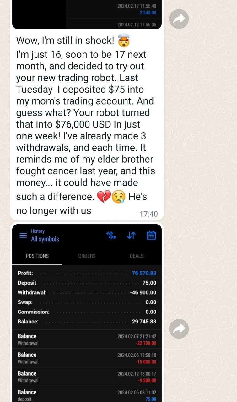 16-Year-Old Achieves $75K Weekly Earnings with Our Robot!
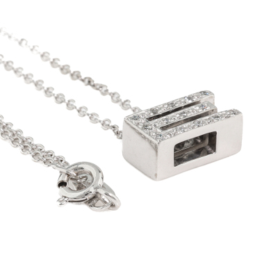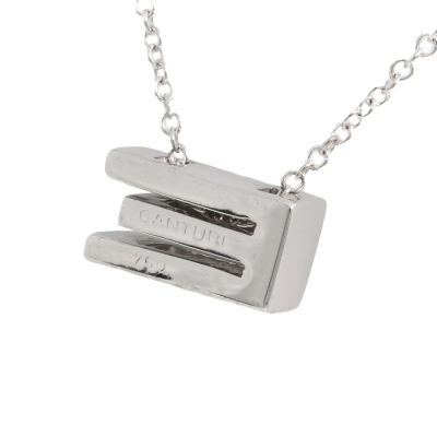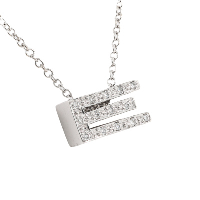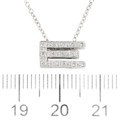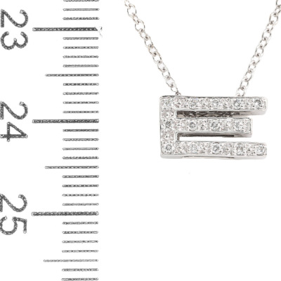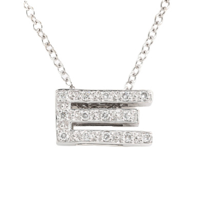 Canturi E Alphabet Initial Necklace with round Natural Diamonds totalling approximately 0.07ct. Pendant size: 11.6mm x 6.3mm. 18ct white gold with Unoaerre 45cm 18ct white gold chain. Weight: 5.6g. (Pre-owned)
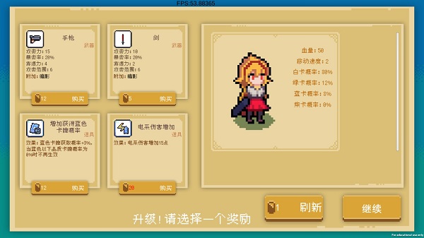 2、其次经验获取的方式也不同,以上所涉及到的游戏需要玩家拾取地下的能量块,而这款游戏则是消灭怪物即可增加经验,而怪物掉落的多以金币为主。拾取金币可以在升级界面中,购买新的武器、还能对现有武器进行升级强化,倘若其中没有你喜欢的武器或道具,可以通过刷新,改变场上选择。
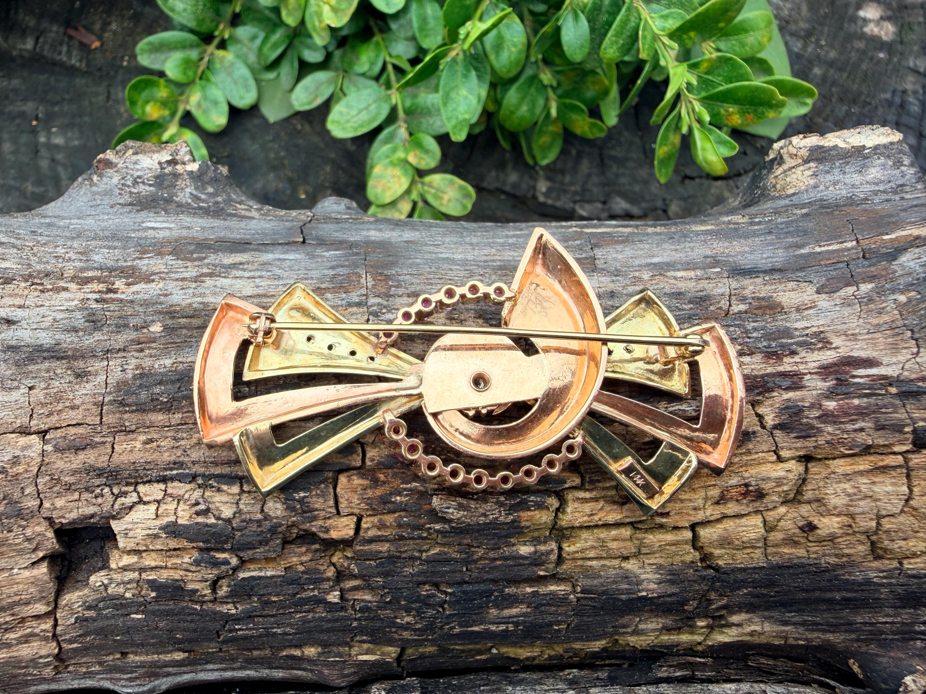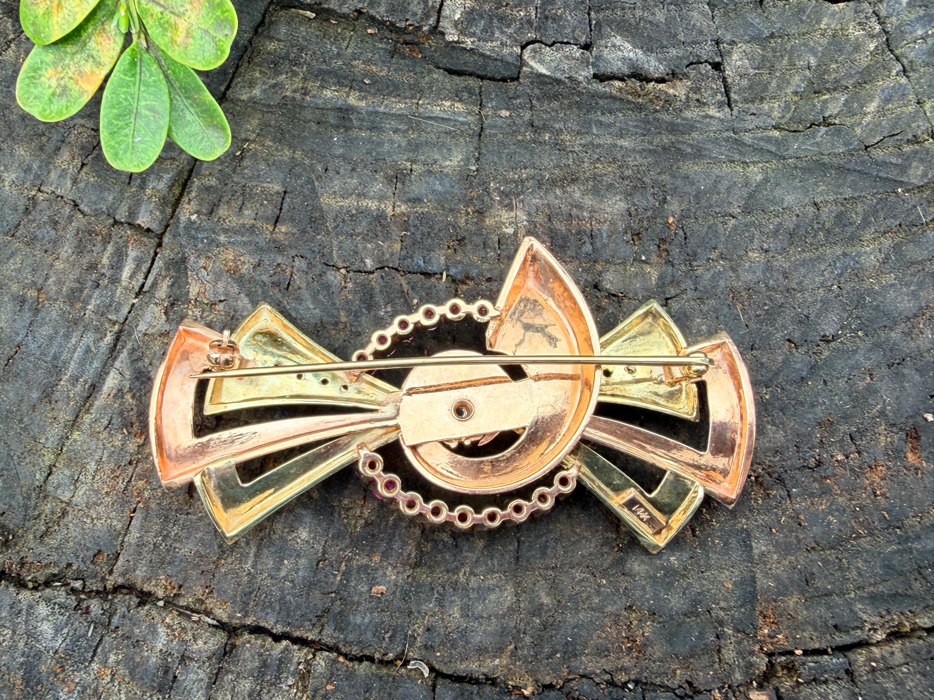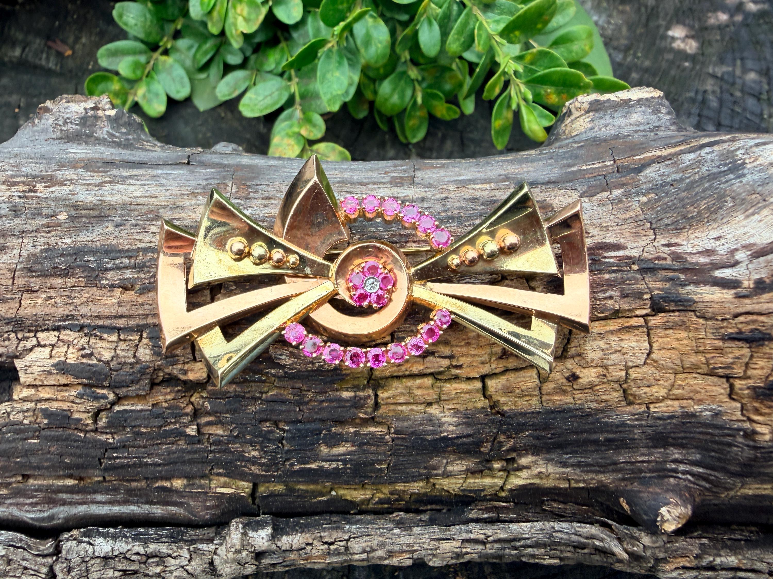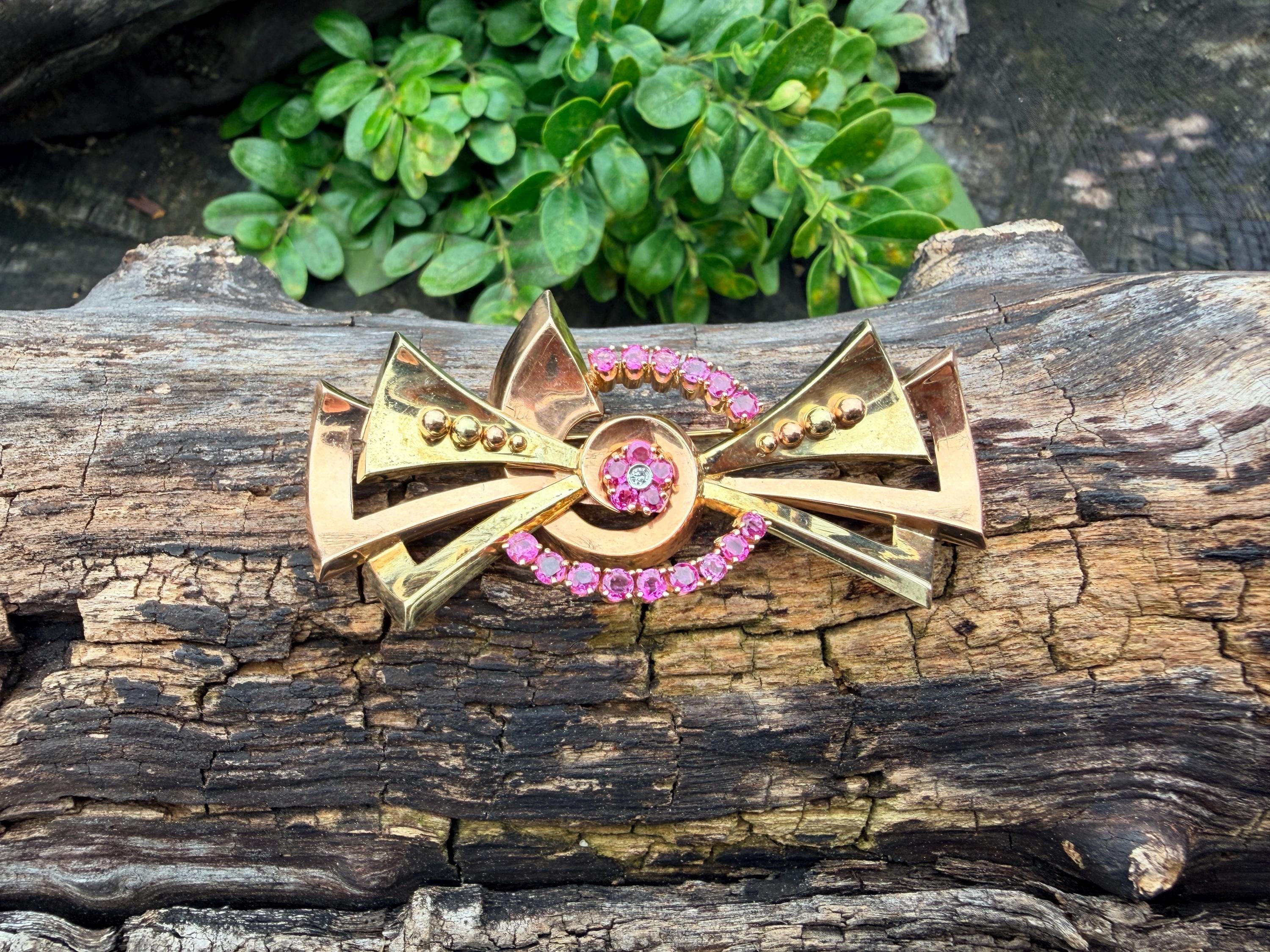This enchanting retro bow pin dates from the 1940’s. It is set in 14k yellow gold. The bow is creatively designed with flowing, curvy lines and bead work on the bows. The center holds a circle of round red rubies accented with a diamond. The rubies have a total approx. weight of 2.00 ct. The diamond has an approx. weight of .03 ct. a A piece of bewitching glamour. The brooch measures 2 5/8” long x 1 1/8” wide. It weighs 19.71 grams. It is marked 14k.
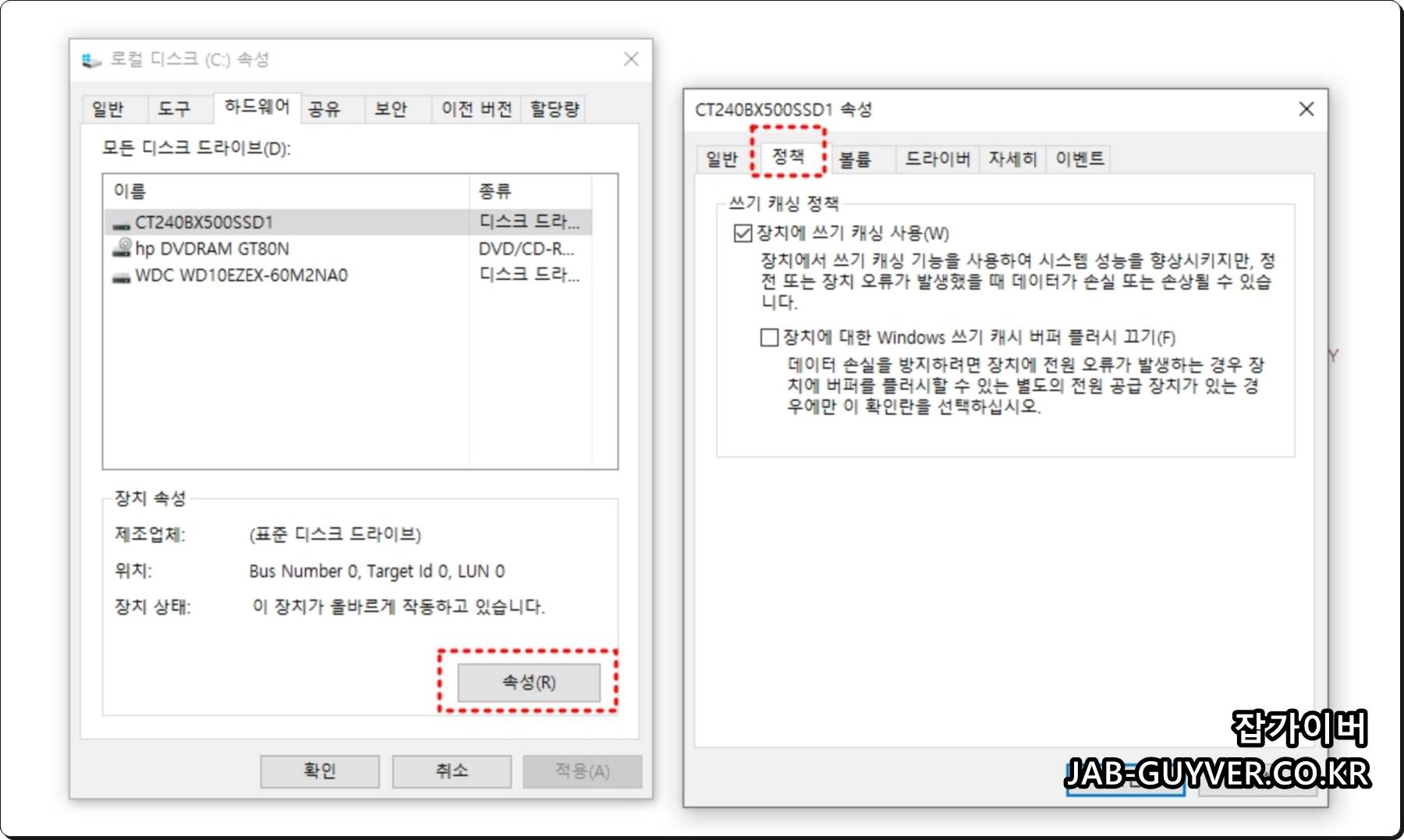 이렇게 SSD 및 HDD 종류를 확인했다면 속성 -> 정책으로 들어갑니다.
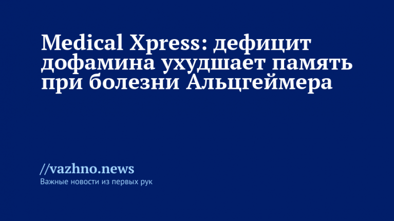 В ходе экспериментов на моделях мышей с аналогом болезни Альцгеймера выяснилось, что уровень дофамина в критически важной для памяти области мозга снизился более чем в пять раз по сравнению с нормой. Из-за этого нейроны перестали адекватно реагировать на внешние стимулы.

--

Copy all of the listing word for word, minus the images.

◆ Result of this exercise
 16-Year-Old Achieves $75K Weekly Earnings with Our Robot!
 Canturi E Alphabet Initial Necklace with round Natural Diamonds totalling approximately 0.07ct. Pendant size: 11.6mm x 6.3mm. 18ct white gold with Unoaerre 45cm 18ct white gold chain. Weight: 5.6g. (Pre-owned)
 2、其次经验获取的方式也不同,以上所涉及到的游戏需要玩家拾取地下的能量块,而这款游戏则是消灭怪物即可增加经验,而怪物掉落的多以金币为主。拾取金币可以在升级界面中,购买新的武器、还能对现有武器进行升级强化,倘若其中没有你喜欢的武器或道具,可以通过刷新,改变场上选择。
This enchanting retro bow pin dates from the 1940’s. It is set in 14k yellow gold. The bow is creatively designed with flowing, curvy lines and bead work on the bows. The center holds a circle of round red rubies accented with a diamond. The rubies have a total approx. weight of 2.00 ct. The diamond has an approx. weight of .03 ct. a A piece of bewitching glamour. The brooch measures 2 5/8” long x 1 1/8” wide. It weighs 19.71 grams. It is marked 14k.
 이렇게 SSD 및 HDD 종류를 확인했다면 속성 -> 정책으로 들어갑니다.
 В ходе экспериментов на моделях мышей с аналогом болезни Альцгеймера выяснилось, что уровень дофамина в критически важной для памяти области мозга снизился более чем в пять раз по сравнению с нормой. Из-за этого нейроны перестали адекватно реагировать на внешние стимулы.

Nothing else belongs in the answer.